**What you have to do:** The records below are to be transcribed exactly from their first line to the line that has "6、在高級選項卡欄的右側窗格", inclusive, with every picture omitted.

Data records:
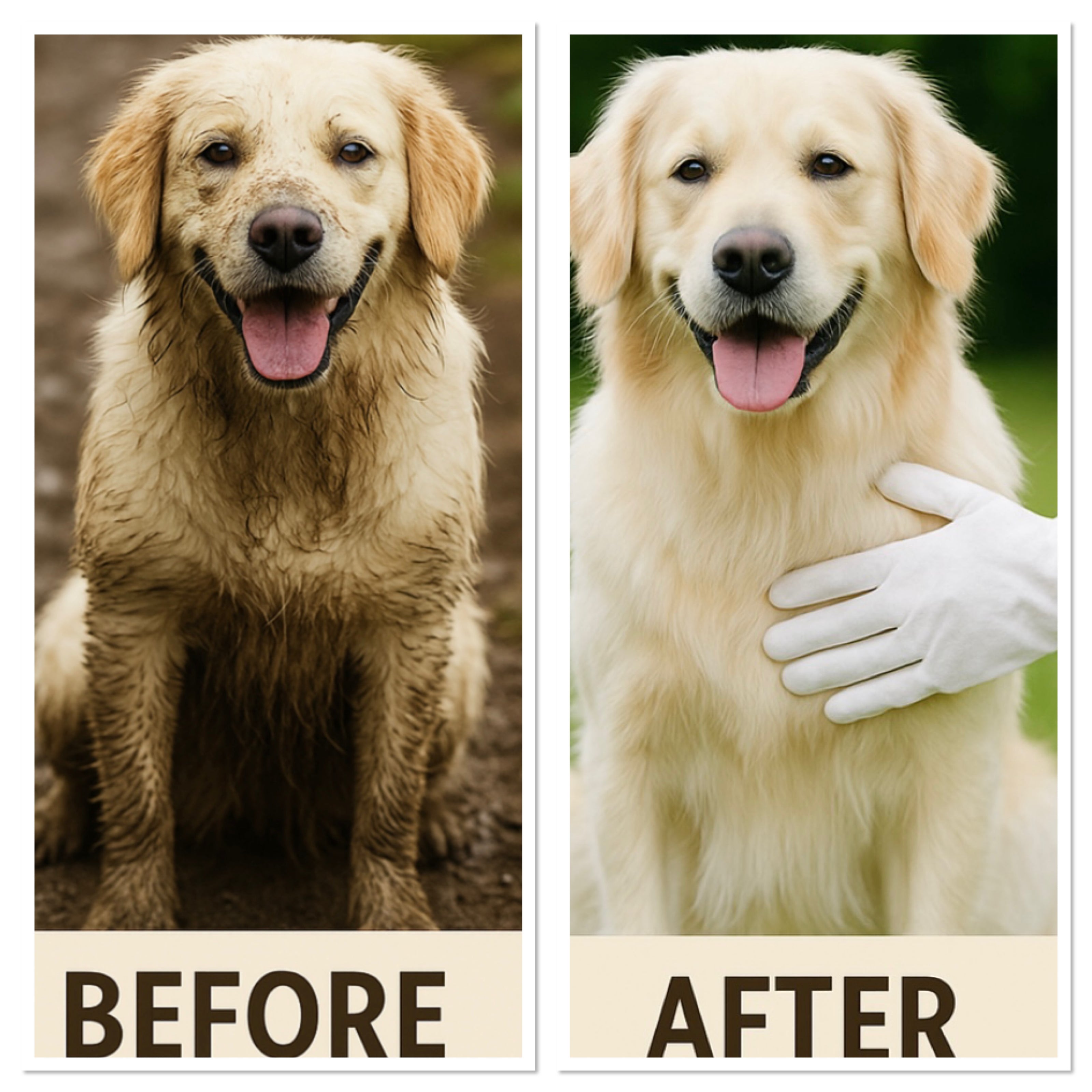 "I can clean my golden retriever after muddy park runs in minutes. No water, no fuss — just a happy dog!"
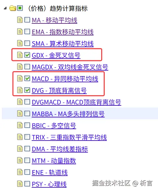 点击指标选用,勾选出 MACD 背离策略需要的三个指标:
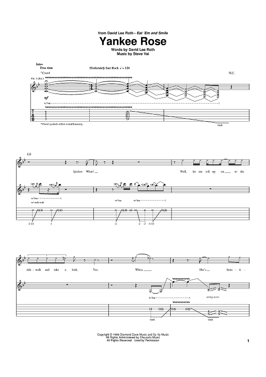 Digital Sheet Music for Yankee Rose by David Lee Roth, Steve Vai scored for Guitar Tab; id:381432
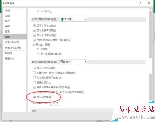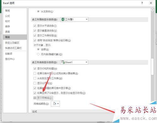 6、在高級選項卡欄的右側窗格中,找到“此工作表的顯示選項”區域下的“顯示網格線”選項,在默認情況下這個選項是勾選的。如圖所示;
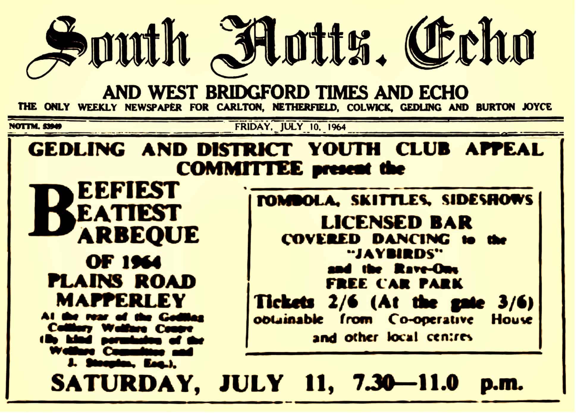 In the beginning Alvin Lee played venues like: The Palace Cinema, Sandiacre, Derbyshire / The Regal, Ripley, Derbyshire / The Palais Theatre (Civic Hall), Mansfield, Nottinghamshire / The Cocked Hat, Nottingham / The Rainbow Rooms (The Beat Club), Broadstreet, Nottingham / Commodore Ballroom, Aspley, Nottingham / YMCA, Shakespeare Street, Nottingham / The Gaumont, corner of Wollaton/Goldsmith Street, Nottingham / All Souls Church Hall, Ilkeston Road, Radford, Nottingham / St. Michael’s Church Hall, Sutton-in-Ashfield, Nottinghamshire / The Dancing Slipper, 14 Central Avenue, West Bridgeford, Nottingham (before it was named the “Locarno”” or the “Ballroom”. Not to be confused with the Victoria Hall, later renamed The Locarno Ballroom, at St Ann’s Well Road, Nottingham). “The Jaybirds were booked up solidly from December 10th 1963 to New Year’s Eve, and apart from local appearances they travelled as far as Norfolk and Banham.” – Midland Beat newspaper, December 1963. “We travelled 3000 miles a week in The Jaybirds van around Nottingham and up to Blyth and Selby, Leeds, Doncaster even as far as Scotland, London and the south coast.” – Alvin Lee, 2004 It may never be possible to uncover and list all of Alvin’s public appearances prior to TYA. Thanks to original clippings from the archives of 57 British Newspapers as well as the research by Stephen Howard from Notts Music Archive www.nottsmusicarchive.com a few dates could be tracked down. Further dates were added thanks to research by Josephine Pate, Susan Davis, Peter Wilson and Maurice Moore for the homepage about the Dungeon Club in Nottingham www.dungeonmods.wordpress.com |
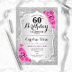 Invitation du 60e anniversaire. Design floral élégant en argent et rose. Comprend des bandes d'argent fausse parties scintillant, rose rose rose police de script et confetti. Parfait pour une fête d'anniversaire glam.
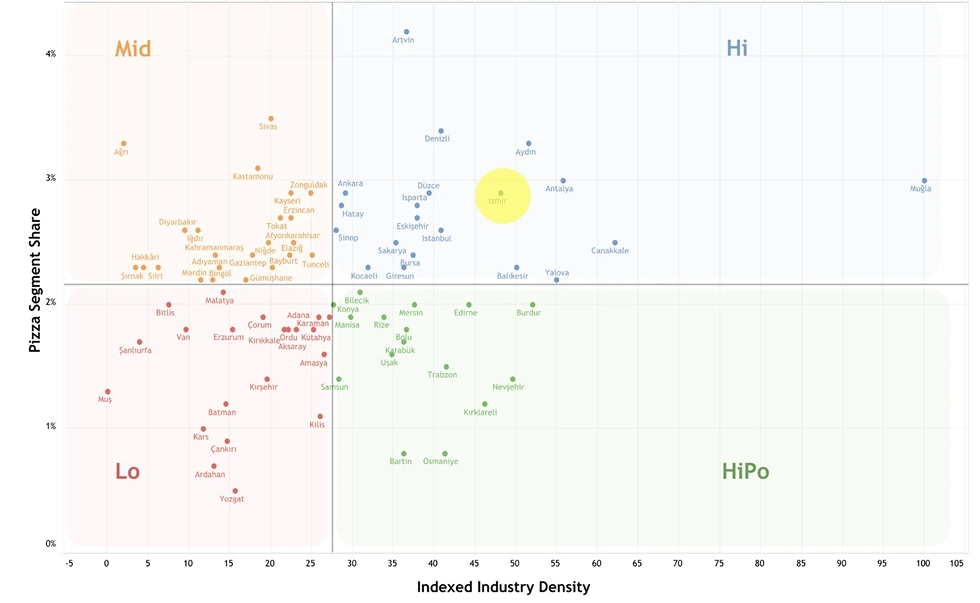 The western seaboard and tourist regions light up in the high-potential quadrant: places where people eat out often, but pizza is hardly present. Istanbul, by contrast, is clearly high/high: undeniable scale, but also saturated with rivals.
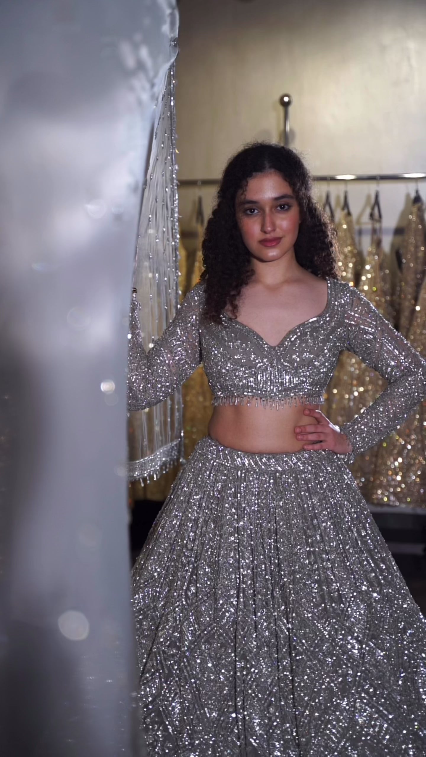 Pristine Silver & Ivory Linear Sequin Embroidered Bridal Lehenga

**Written answer:**
 "I can clean my golden retriever after muddy park runs in minutes. No water, no fuss — just a happy dog!"
 点击指标选用,勾选出 MACD 背离策略需要的三个指标:
 Digital Sheet Music for Yankee Rose by David Lee Roth, Steve Vai scored for Guitar Tab; id:381432
 6、在高級選項卡欄的右側窗格中,找到“此工作表的顯示選項”區域下的“顯示網格線”選項,在默認情況下這個選項是勾選的。如圖所示;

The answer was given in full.